Они дошли до улицы Севетшег. Гнев Алконя постепенно улегся и обратился в грусть. Алконь улыбнулся юноше.

— Помните? — спросил он. — В больнице вы сказали, что живете на этой улице.

— Помню! — сказал Мартон. Он был растроган и покраснел. — Вы, наверное, не знаете, что сидели вместе с моим отцом на улице Марко. С Ференцем Фицеком?

— Правда? А ведь верно, его звали Ференц Фицек. Да, да! Так это ваш отец?

— Да.

Алконь засмеялся как-то славно и по-дружески.

— Теперь мне понятно, от кого вы унаследовали это… — И Алконь ткнул пальцем в голову Мартона. — Ну, ладно… Он порядочный человек. Я о вашем отце говорю. Что с ним?

— Отправили на итальянский фронт.

— Не может быть!.. Так ведь он сказал, что работает в Пеште, что его зачислили в воинскую сапожную мастерскую.
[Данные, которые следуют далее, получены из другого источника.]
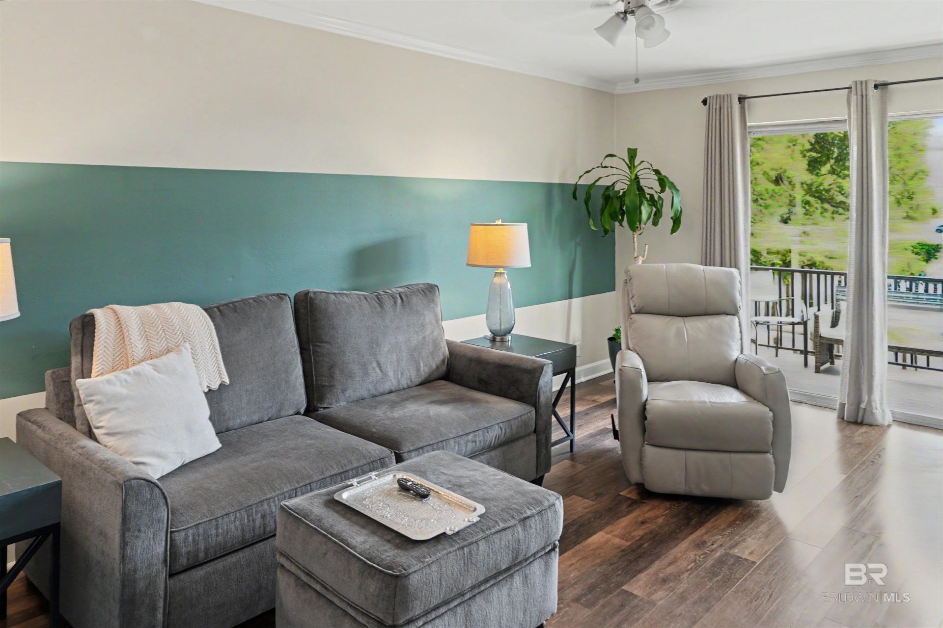Your Gulf Shores getaway is calling ? and this one checks every box. This beautifully updated 2-bed, 1-bath condo blends modern style with coastal charm, creating the perfect full-time home, vacation escape, or investment property. Step inside to find sleek LVP flooring, crown molding, and an updated kitchen featuring refreshed cabinets, upgraded countertops, and a matching tile backsplash that ties the whole space together. The open dining/living area includes a built-in workspace with custom wooden shelving, giving you the perfect spot for remote work, planning beach days, or showcasing décor. The bathroom has been thoughtfully upgraded with a new vanity and a fully retiled walk-in shower that feels spa-fresh. Both bedrooms offer comfortable layouts and great natural light. Slide open the living-room doors and step onto your private balcony/patio overlooking the sparkling community pool and common area. Whether you're sipping morning coffee or unwinding after a day on the sand, this view delivers instant relaxation. The pool and shared spaces are wrapped in a privacy fence, creating a peaceful, tucked-away atmosphere. Located on the 2nd floor, this unit offers extra privacy and a better vantage point ? without sacrificing convenience. If you've been waiting for a move-in-ready condo in Gulf Shores with style, updates, and amenities, this is the one that makes you say 'yes. Opportunities like this don't sit long. Buyer to verify all information during due diligence.
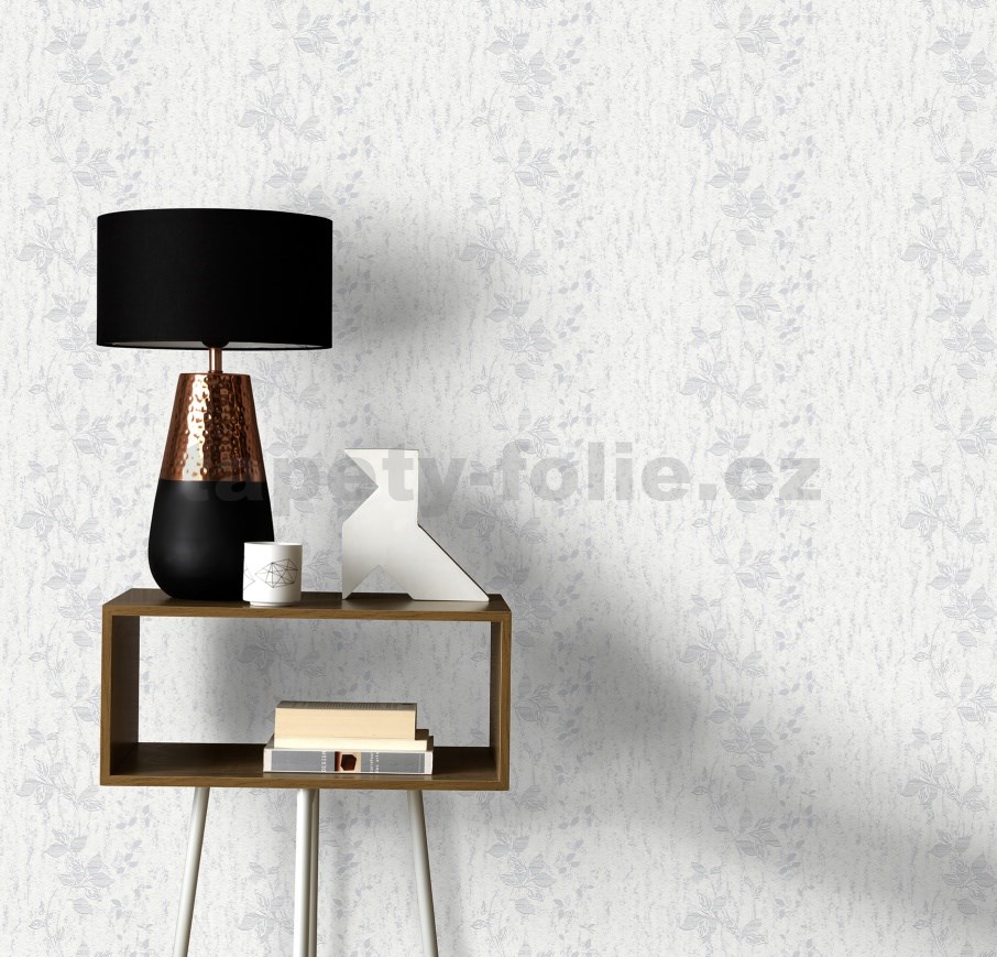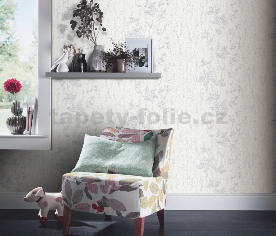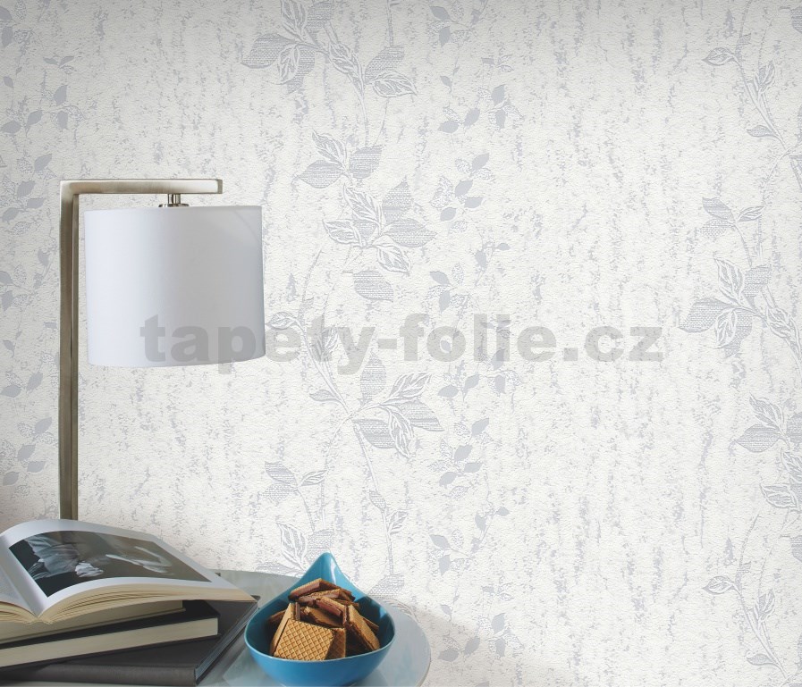Vliesové tapety na stenu IMPOL HIT popínavé stonky biele so striebornými odleskami

— Верно. Так оно и было поначалу. Только работал он не в Пеште, а в Коломые. Но не захотел шить башмаки из ворованного материала офицерам и их женам. И погнали его на фронт.

— А теперь?

— Теперь?.. Теперь он часто приезжает в отпуск, и не то чтобы в отпуск, а… не сопротивляется уже… шьет башмаки из военных материалов и привозит их в Пешт или куда-нибудь в провинцию офицерским женам.

— Короче говоря, шлюхой стал.

Мартон молчал. Они стояли у ворот дома Алконя.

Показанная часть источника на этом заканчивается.